Jika kita mau merenungkan ternyata bahaya yang ditimbulkan dari tidak menikah lebih banyak apalagi di zaman yang mengerikan ini. Zaman di mana maksyiat tidak malu-malu lagi dilakukan di depan umum, akses pornografi sangat mudah didapatkan, gedung-gedung dan tempat-tempat menumpahkan syahwat tersebar di mana-mana, pergaulan bebas dan pacaran membudayadi negeri kita sehingga perbuatan cabul dan perzinaan merajalela, timbullah tindakan hina aborsi, pembuangan bayi di sampah-sampah, penjualan anak dan lahirlah anak-anak tanpa ayah.
Oleh karena itu melaksanakan pernikahan lebih baik bagi seseorang daripada hidup membujang atau tidak menikah agar selamat dari bahaya yang disebutkan di atas dan agar mendapatkan keutamaan dari pernikahan yang dijanjikan oleh Allah Swt.
Diriwayatkan pada suatu hari banyak orang berkumpul di majelis Ibnu Abbas Ra. Kemudian setelah selesai pengajiannya, semua yang hadir meninggalkan majelis tersebut kecuali seorang pemuda yang tidak meninggalkan majelisnya.
Lalu Ibnu Abbas Ra bertanya kepadanya “ Apakah anda punya keperluan ?
“ ya “ jawabnya. “
Aku ingin menanyakan satu masalah tapi aku malu pada orang-orang dan sekarang aku sudah siap bertanya “ kata si pemuda.
Lalu Ibnu Abbas berkata “ Orang alim itu kedudukannya seperti ayah, maka apa yang anda katakana kepada ayahmu beritahukan pula kepadaku “.
Pemuda itu berkata “ Aku adalah seorang pemuda yang belum beristri dan aku takut pada perbuatan zina, maka aku sering mengeluarkan mani dengan tanganku (onani), apakah itu perbuatan maksyiat ?

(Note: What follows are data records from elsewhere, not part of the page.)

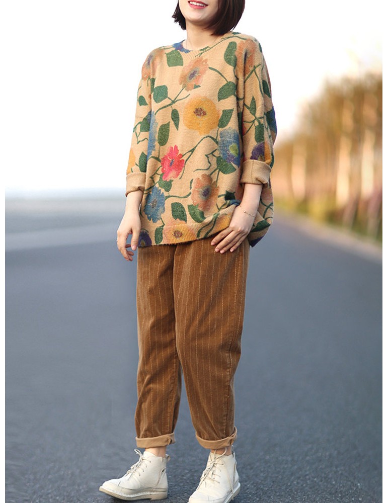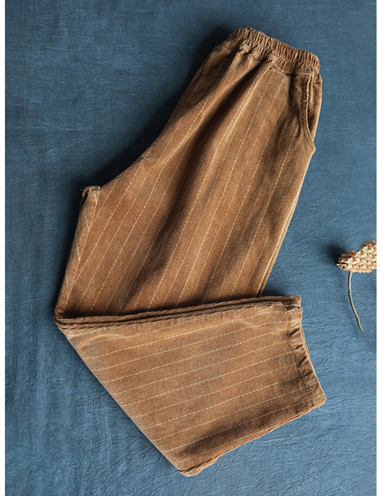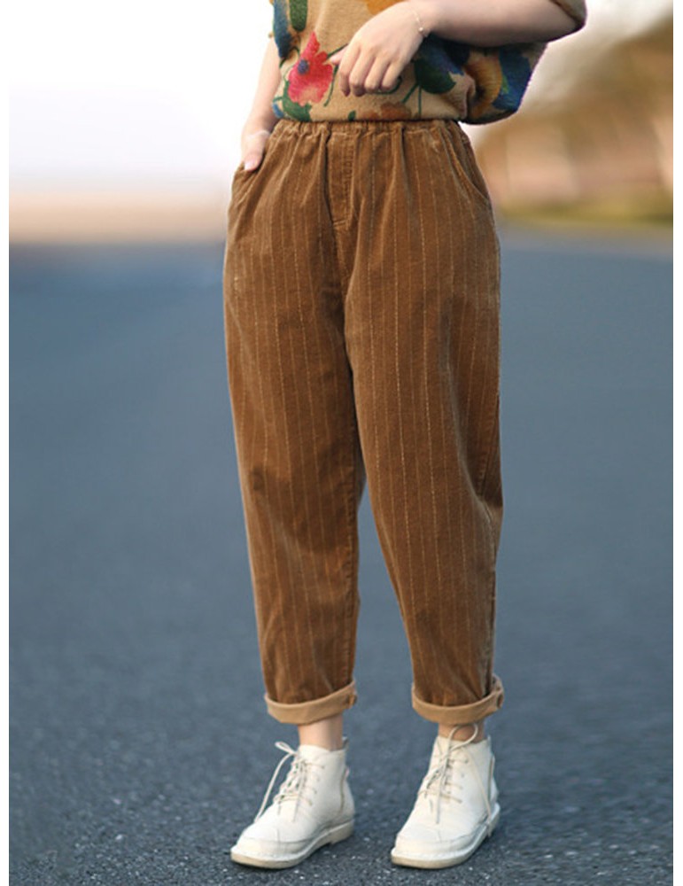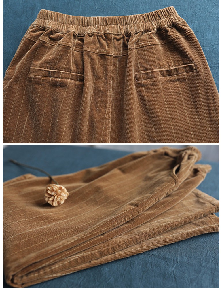 Harem Vertical Striped Solid Color Corduroy Pants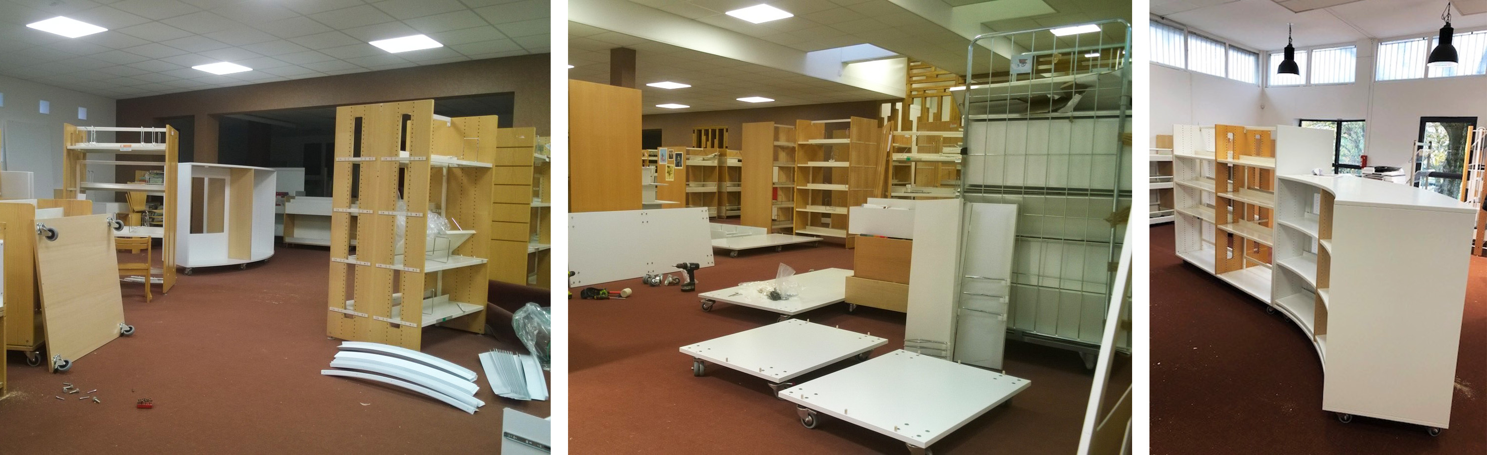 Les images ci- après illustrent les principaux changements, ainsi que le recyclage et la réaffectation appropriés des étagères et des meubles à Verrières-le-Buisson.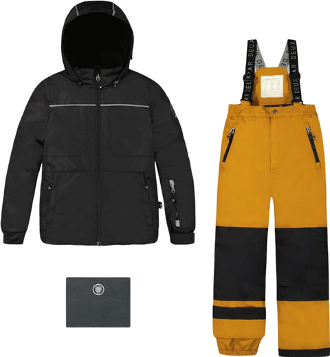 Qu'il fasse du snowboard, du ski ou de la luge, notre habit de neige 2-pièces et pantalon le gardera au chaud et au sec lorsqu'il sera dans la neige! Cet ensemble isolant comprend un manteau doublé en molleton avec des manches articulées, une jupe pare-neige, un capuchon amovible et des bretelles de sac à dos intérieures pour faciliter le transport. Le pantalon assorti a des protections anti-neige au niveau des chevilles, des panneaux en Cordura renforcés au niveau de l'assise, des genoux et de l'ourlet, un pantalon à taille élastique et des bretelles à logo amovibles et réglables. Cet ensemble est agrémenté d'un anneau en D pour les mitaines, d'accents réfléchissants, de poches à fermeture éclair et d'un cache-cou assorti en molleton polaire pour plus de chaleur!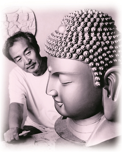 李老师雕出来的大佛,目光低垂,厚唇微启,饱满和润的脸上含着浅笑,似在微语,又像是聆听,周围一切都是静的,阳光、空气、水……所有的一切都在这种“静”里变得纯净而祥和。当然,这种静不是一般意义上的“静”,而是源于心灵的静,发乎自然的静,且是十分纯粹的静。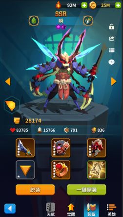 在游戏中,英雄装备分为4个部位:武器、装甲、头盔、饰品。获取装备后,可以在英雄界面为英雄穿戴,点击“一键穿装”按钮可以为自动英雄穿戴背包中属性最高的装备,非常便利。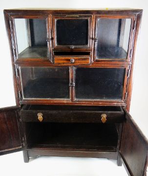 CHINESE CARVED HARDWOOD TABLE TOP DISPLAY CABINET having configuration of five glazed doors surrounding small central drawer above carved blind panelled cupboard revealing fitted interior drawer raised on stile-type feet, 55 x 37.5 x 20.5cms deep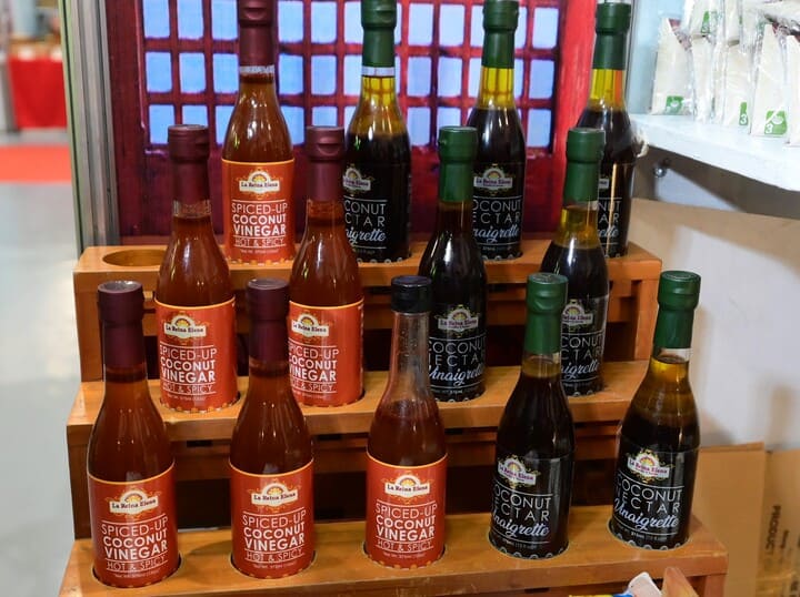 Spiced and traditional coconut vinegars are available for tasting and purchase.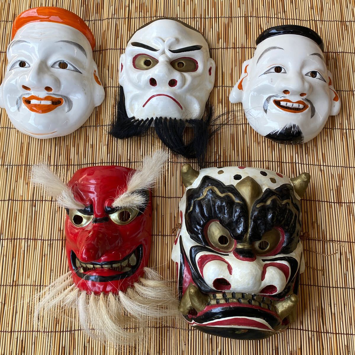 - 備中神楽 重要無形民族文化財 面 時代物 陶器 恵比寿 天狗 置物 インテリア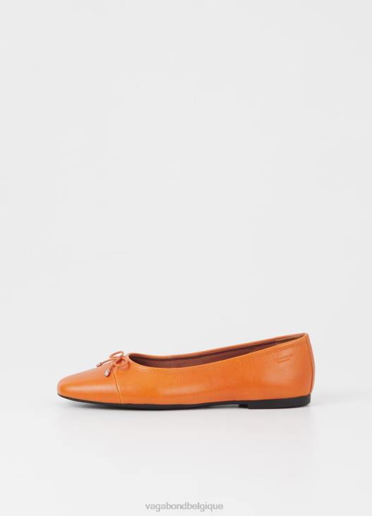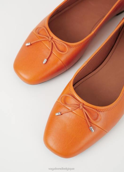 jolin est la ballerine de tous les jours au look contemporain. le modèle est confectionné en cuir orange avec des bouts arrondis et un nœud décoratif avec des détails en métal. les petits talons mesurent 11 mm.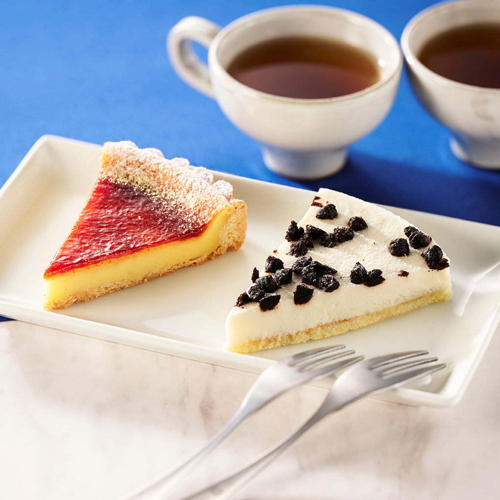 タルト×レアチーズの2つの味がお楽しみいただける「タルトもチーズも。」。ツヤのあるカラメルソースが目を引くクレームブリュレ風タルトは、タルト生地の上にバニラ入りのプリン生地を流してじっくりと焼き上げて、卵のコクとほろ苦いソースが相性抜群。レアチーズは、なめらかな口当たりのチーズムースとほどよい塩味のココアクッキーの組み合わせがクセになります。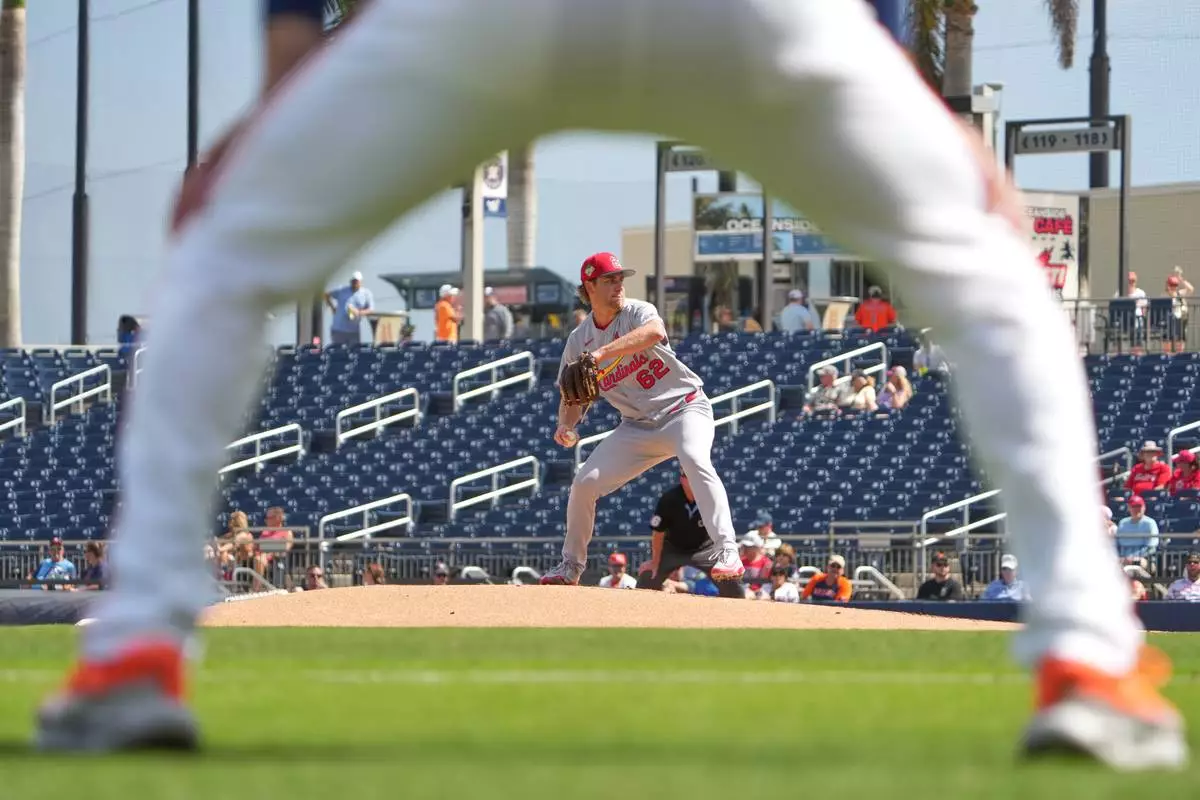 St. Louis Cardinals starting pitcher Kyle Leahy throws during the first inning of a spring training baseball game against the Houston Astros Sunday, Feb. 22, 2026, in West Palm Beach, Fla. (AP Photo/Jeff Roberson)
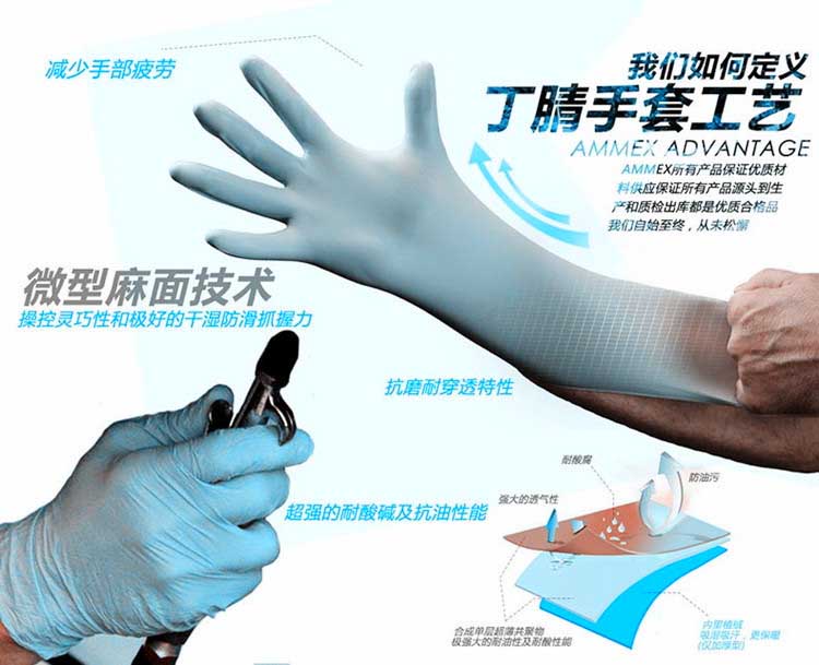1.AMMEX爱马斯丁腈手套 一次性经济型丁腈手套 实验室手套 无粉麻面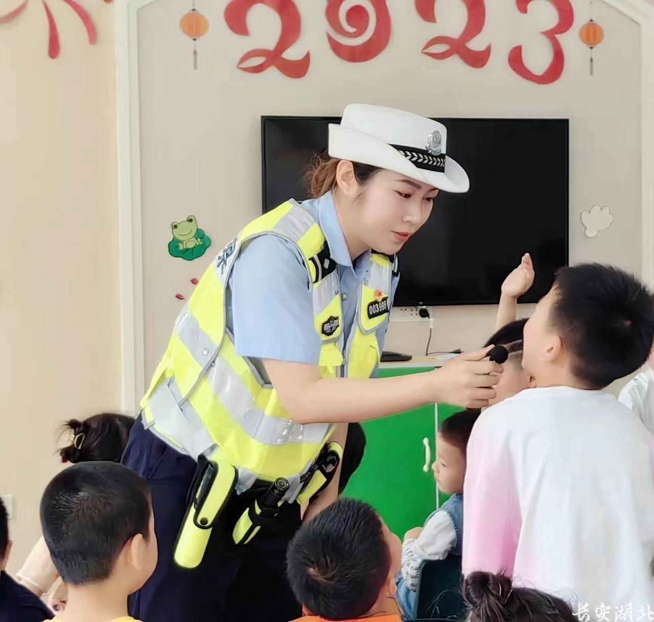 民警结合学校周边道路交通环境,通过“熟悉交通信号灯”“认识斑马线”“怎样安全过马路”等交通安全常识,用通俗易懂的语言由浅入深地与小朋友们交流、互动,教育新生们从小重视交通安全,养成文明交通良好习惯,以“小手拉大手”的形式将道路交通安全知识送进千家万户。
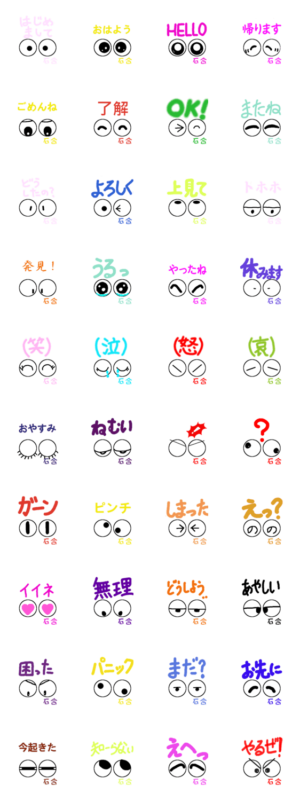 かわいい目玉の日常会話・あいさつ・気持ち 了解 はじめまして おはよう HELLO 帰ります ごめんね またね どうしたの? よろしく 上見て OK トホホ 今起きた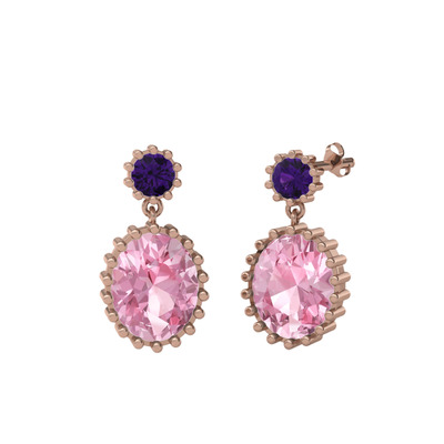Ametist ve pembe kuvars 14 ayar rose altın küpe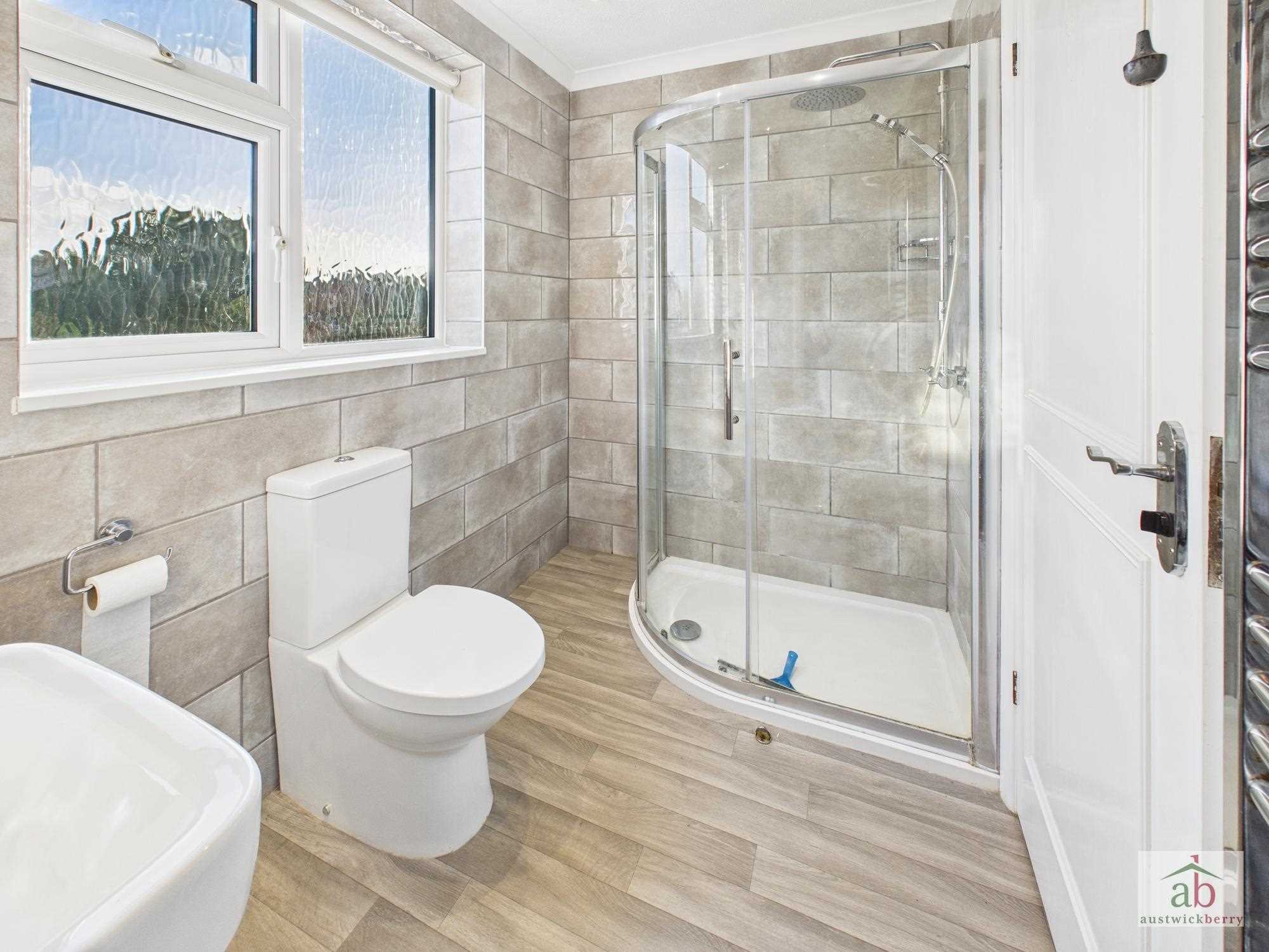 Double glazed window to rear, luxury wall tiles, shower cubicle, low level wc, pedestal hand wash basin with mixer taps, contemporary towel rail.

Ibnu Abbas langsung berpaling darinya dan berkata huss sambil meludah. “ Menikah dengan budak lebih baik daripada perbuatan itu juga lebih baik daripada berzina. Segeralah menikah dewngan perempuan mana saja supaya dirimu terpelihara dari perbuatan tercela dan jangan biarkan dirimu dipermainkan setan “.
Ucapan pemuda di atas membuat sayyiduna Abdullah bin Abbas tercengan atas apa yang dilakukan pemuda itu hingga beliau berpaling dan mengucapkan huss sambil meludah. Pemuda itu telah melakukan onani karena tidak kuat menahan nafsu syahwatnya dan itu memang perbuatan dosa karena Nabi Saw bersabda :
لعن الله من نكح يده
“ Allah melaknat orang yang menikahi tangannya (beronani) “.
Namun bagaimana jika sayyidina Abdullah bin Abbas yang juga sepupu Nabi Saw mendengar atau menyaksikan perbuatan yang lebih buruk dari pemuda di atas yang dilakukan para pemuda-pemudi kita sekarang ini ; pacaran, berdua-duaan dengan lawan jenis dan bercumbu rayu tanpa ada ikatan pernikahan ? sudah tentu beliau akan lebih tercengang lagi dan merasa sedih .
Kemudian beliau memerintahkan pemuda tersebut untuk segera menikah dengan perempuan mana saja supaya terhindar dari perbuatan hina itu.
Solusi terbaik yang diajarkan oleh Rasulullah Saw. Di dalam Hadits sebelumnya telah dijelaskan bahwa Nabi Saw menganjurkan para pemuda yang mempunyai bekal supaya segera menikah karena dengan pernikahan ia lebih dapat menjaga pandangan dan kemaluannya dari yang diharamkan.
Dalam Hadits lain Nabi Saw bersabda :
ايما شاب تزوج فى حداث سنه عج شيطانه يا ويلتا عصم مني دينه
“ Tiap pemuda yang menikah pada usia muda, maka menjeritlah setannya sambil berkata “ Celakalah aku, telah terpeliharalah agamanya dariku “.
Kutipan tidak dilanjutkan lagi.